## EXERCISE DETAILS
Your answer needs to include each line of the records in which the string "male" can be found.

## GIVEN RECORDS
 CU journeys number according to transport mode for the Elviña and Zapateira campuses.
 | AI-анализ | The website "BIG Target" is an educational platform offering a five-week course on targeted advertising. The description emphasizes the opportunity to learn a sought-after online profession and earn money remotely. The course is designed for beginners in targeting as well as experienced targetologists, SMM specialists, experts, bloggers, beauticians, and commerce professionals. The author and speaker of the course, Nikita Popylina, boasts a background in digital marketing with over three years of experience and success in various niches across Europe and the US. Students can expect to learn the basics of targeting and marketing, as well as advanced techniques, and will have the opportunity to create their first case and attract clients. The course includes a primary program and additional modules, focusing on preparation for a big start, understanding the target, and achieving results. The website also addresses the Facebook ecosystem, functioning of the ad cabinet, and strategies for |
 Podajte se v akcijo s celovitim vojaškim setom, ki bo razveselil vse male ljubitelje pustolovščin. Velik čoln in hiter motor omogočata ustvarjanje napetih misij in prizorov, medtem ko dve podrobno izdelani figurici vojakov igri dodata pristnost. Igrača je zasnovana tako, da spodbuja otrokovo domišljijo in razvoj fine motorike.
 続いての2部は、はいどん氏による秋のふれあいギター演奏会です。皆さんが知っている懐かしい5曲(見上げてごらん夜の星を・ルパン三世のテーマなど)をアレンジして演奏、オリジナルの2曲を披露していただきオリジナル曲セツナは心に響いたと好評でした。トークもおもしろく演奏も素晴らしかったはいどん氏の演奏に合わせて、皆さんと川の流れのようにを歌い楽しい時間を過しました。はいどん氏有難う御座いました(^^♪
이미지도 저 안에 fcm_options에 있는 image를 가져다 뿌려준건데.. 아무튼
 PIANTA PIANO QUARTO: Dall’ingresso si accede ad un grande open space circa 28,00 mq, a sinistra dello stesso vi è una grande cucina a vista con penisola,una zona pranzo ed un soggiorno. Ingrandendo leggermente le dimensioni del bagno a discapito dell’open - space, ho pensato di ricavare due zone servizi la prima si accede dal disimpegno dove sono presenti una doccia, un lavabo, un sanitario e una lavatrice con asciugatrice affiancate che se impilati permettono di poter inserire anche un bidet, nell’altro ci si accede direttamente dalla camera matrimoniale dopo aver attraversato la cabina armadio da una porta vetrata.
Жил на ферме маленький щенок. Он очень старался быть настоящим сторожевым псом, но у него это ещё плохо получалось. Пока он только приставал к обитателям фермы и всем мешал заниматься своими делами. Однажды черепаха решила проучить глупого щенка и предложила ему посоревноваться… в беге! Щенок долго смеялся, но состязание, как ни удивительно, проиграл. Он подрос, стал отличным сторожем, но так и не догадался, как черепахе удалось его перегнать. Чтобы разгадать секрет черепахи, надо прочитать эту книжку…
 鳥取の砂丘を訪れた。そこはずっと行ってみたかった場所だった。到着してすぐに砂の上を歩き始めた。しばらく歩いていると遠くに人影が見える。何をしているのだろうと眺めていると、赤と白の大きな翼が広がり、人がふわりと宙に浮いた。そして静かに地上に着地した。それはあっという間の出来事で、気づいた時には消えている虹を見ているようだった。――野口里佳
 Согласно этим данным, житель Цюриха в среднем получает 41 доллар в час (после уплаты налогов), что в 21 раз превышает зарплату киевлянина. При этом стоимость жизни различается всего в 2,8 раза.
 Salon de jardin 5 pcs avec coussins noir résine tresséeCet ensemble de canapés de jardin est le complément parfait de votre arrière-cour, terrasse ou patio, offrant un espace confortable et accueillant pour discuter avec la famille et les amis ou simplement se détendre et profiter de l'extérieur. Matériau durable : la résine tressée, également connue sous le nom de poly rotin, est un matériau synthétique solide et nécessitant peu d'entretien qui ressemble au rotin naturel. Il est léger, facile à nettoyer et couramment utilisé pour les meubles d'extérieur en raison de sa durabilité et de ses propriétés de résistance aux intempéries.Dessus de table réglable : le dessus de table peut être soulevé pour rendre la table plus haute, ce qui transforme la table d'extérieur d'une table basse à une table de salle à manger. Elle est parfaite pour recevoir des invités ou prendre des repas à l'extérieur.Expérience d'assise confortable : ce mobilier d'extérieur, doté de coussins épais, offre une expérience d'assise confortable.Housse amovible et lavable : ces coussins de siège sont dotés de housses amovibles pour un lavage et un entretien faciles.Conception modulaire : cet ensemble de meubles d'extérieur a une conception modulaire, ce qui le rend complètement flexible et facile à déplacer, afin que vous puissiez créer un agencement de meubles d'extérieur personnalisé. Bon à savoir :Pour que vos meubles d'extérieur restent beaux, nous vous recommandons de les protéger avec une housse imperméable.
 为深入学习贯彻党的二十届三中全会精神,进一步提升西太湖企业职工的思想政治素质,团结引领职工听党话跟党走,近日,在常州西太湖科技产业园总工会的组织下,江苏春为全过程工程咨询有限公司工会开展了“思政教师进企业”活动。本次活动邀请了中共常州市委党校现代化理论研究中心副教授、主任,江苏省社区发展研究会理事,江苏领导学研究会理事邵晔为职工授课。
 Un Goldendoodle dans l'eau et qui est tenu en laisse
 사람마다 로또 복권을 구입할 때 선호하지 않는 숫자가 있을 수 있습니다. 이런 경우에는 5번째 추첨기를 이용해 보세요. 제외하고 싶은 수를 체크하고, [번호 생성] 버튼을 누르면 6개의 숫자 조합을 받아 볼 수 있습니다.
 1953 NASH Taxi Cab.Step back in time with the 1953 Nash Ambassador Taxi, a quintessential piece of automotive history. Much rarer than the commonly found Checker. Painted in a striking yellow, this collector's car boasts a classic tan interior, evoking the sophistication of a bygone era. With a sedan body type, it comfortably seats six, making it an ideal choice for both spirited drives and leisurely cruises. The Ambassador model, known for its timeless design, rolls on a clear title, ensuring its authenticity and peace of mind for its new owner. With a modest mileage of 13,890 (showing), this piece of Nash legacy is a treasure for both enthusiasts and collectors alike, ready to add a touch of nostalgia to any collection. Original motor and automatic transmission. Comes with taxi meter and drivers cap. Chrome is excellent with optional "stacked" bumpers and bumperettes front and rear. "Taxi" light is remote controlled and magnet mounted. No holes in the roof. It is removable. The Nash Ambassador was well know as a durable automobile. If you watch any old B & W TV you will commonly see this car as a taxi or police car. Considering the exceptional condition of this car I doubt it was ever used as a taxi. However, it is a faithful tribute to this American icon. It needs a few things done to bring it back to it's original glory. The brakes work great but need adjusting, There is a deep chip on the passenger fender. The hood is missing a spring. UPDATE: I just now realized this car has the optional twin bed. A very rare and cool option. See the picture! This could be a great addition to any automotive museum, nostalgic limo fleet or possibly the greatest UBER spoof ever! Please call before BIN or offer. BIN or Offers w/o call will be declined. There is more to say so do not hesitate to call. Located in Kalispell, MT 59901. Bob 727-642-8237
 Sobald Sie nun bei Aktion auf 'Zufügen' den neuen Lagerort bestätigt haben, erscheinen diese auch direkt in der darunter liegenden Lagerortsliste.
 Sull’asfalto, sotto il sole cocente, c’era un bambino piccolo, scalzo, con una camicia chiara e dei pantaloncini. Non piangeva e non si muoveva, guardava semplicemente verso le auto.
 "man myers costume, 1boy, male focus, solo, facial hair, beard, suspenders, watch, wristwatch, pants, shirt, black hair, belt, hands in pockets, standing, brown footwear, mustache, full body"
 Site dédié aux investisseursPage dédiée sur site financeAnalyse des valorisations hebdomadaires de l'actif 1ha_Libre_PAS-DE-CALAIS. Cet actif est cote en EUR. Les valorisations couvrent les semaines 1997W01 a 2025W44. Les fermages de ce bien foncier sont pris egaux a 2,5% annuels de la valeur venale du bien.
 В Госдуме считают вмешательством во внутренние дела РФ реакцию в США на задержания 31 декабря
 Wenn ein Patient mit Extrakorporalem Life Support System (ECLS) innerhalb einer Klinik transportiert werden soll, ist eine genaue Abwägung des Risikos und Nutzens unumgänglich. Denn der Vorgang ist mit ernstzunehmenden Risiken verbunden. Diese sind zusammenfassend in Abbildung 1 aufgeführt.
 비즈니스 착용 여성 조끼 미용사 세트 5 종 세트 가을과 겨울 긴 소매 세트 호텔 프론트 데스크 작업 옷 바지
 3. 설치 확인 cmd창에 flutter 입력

## EXERCISE SOLUTION
 Podajte se v akcijo s celovitim vojaškim setom, ki bo razveselil vse male ljubitelje pustolovščin. Velik čoln in hiter motor omogočata ustvarjanje napetih misij in prizorov, medtem ko dve podrobno izdelani figurici vojakov igri dodata pristnost. Igrača je zasnovana tako, da spodbuja otrokovo domišljijo in razvoj fine motorike.
 "man myers costume, 1boy, male focus, solo, facial hair, beard, suspenders, watch, wristwatch, pants, shirt, black hair, belt, hands in pockets, standing, brown footwear, mustache, full body"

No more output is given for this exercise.